Well, kiddo, most of us geeks grew up using DOS and TOS and those Basic cartridges. Windows was a cutesy little app that ran on top of DOS. I spent pretty much all of the 80's and 90's working from a command shell, and even today on my Windows XP desktop, I have a couple hundred batch files and Perl scripts that follow me wherever I go. There is a wealth of tasks that are done more concisely and efficiently with a few text commands than any GUI could ever encompass.
Just look at the very handy things you
Re: (Score:2)
Hehe, hi gramps.
FWIW, I actually started with DOS as well. I never used BASIC cartridges but I actually did use BASIC. I knew that Windows ran on top of DOS, and most (hey, I was young) games that I played were DOS games. I still enjoy them once in a while, in fact. I still have a copy, on 5.25" floppies, of DOS 2.1, I think.
But I'd say I grew up using Windows, still, since I used it more than I used DOS. But I have known commands cd, rmdir, copy, etc., since I was fairly young... I think around 7?
Re: (Score:2)
Windows 95, 98, XP, etc., all the non-server ones, didn't need a shell. I grew up using Windows and never once needed something like that. Arguably, it would be nice on the server side, I guess... but Windows did appear to try to get AWAY from the command line.
MS-DOS had a half-decent command-line environment - don't knock it. For those of us that grew up with DOS, it was great, and moving to an all-GUI "Windows" environment was a painful shift.
I say MS-DOS had a half-decent CLI, but DOS is much better now [freedos.org]. You're welcome, btw. :-)
Re: (Score:2)
FWIW, I'm a software tester and regularly script in perl, bash, python, and a lot of xml stuff as well. The products that I test were primarily command-line products, and I'm involved in automating testing of that side of the product, hence the scripting. But thanks for assuming ignorance ;)

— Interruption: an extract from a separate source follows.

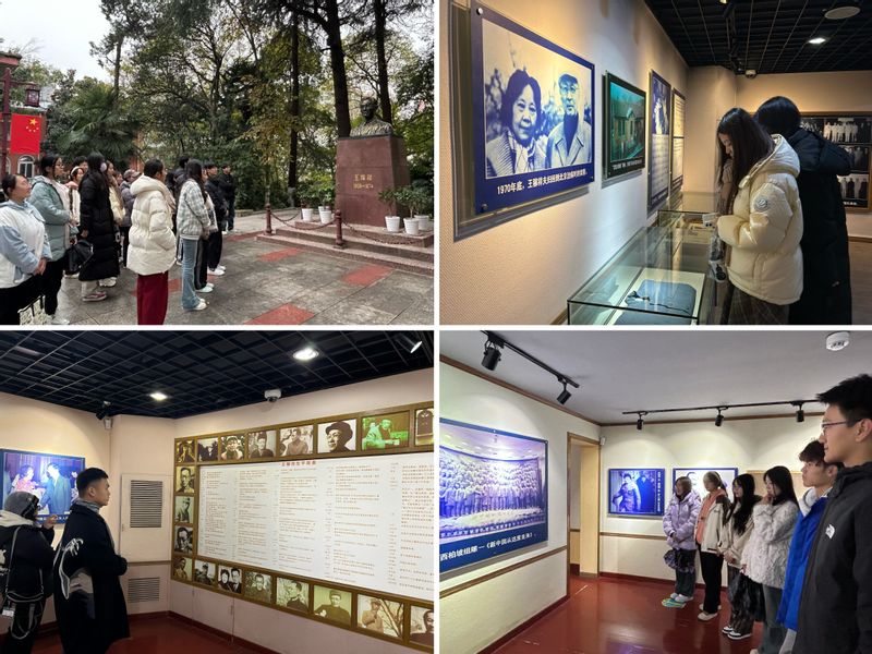 雨中的王稼祥纪念园,青松挺立、翠柏环抱,王稼祥铜像巍然耸立,庄严肃穆。走进纪念园,大家认真聆听讲解员讲述王稼祥同志革命事迹,不时驻足凝神,详细询问有关史实。园内一张张历史照片、一件件珍贵文物、一个个复原场景,让大家真切感受到了那段充满革命热情的峥嵘岁月。在参观学习过程中,同学们产生了强烈的情感共鸣,受到了一次深刻的党性教育和思想洗礼。

Re:PowerShell (Score:5, Insightful)
Welcome to 1975, Microsoft.
Meh, give Powershell some credit. It exposes a lot more functionality with a lot better organization than a Unix shell would. They took the basic paradigm of the shell and made it fit the .NET environment - so users can express themselves using the same basic style as they'd use in a Unix shell, but working with a more powerful set of libraries and data types. I think it's significant, and I think the Unix world could learn a thing or two from it, about keeping what's good about the shell, but moving the basic technology out of the 1970s.
Re: (Score:2, Insightful)
so users can express themselves using the same basic style as they'd use in a Unix shell, but working with a more powerful set of libraries and data types.
Like a Unix user would be calling Perl or Python?
The nice thing about Unix isn't about the shell, or the utilities (awk, sed, etc.), or the scripting languages: it's the fact that they can be all link together via pipes. As long as you move your data around as text, you can send it to anything on a Unix system.
PowerShell and critique of the Unix shell (Score:5, Insightful)
so users can express themselves using the same basic style as they'd use in a Unix shell, but working with a more powerful set of libraries and data types.
Like a Unix user would be calling Perl or Python?
Not quite... The shell user can call Perl or Python to access libraries or datatypes - but these concepts are meaningless within the framework of the shell itself. In Powershell, a commandlet returning an object yields something you can work with in the shell - see what object methods or data fields it provides, run methods, pass the object to another commandlet, etc.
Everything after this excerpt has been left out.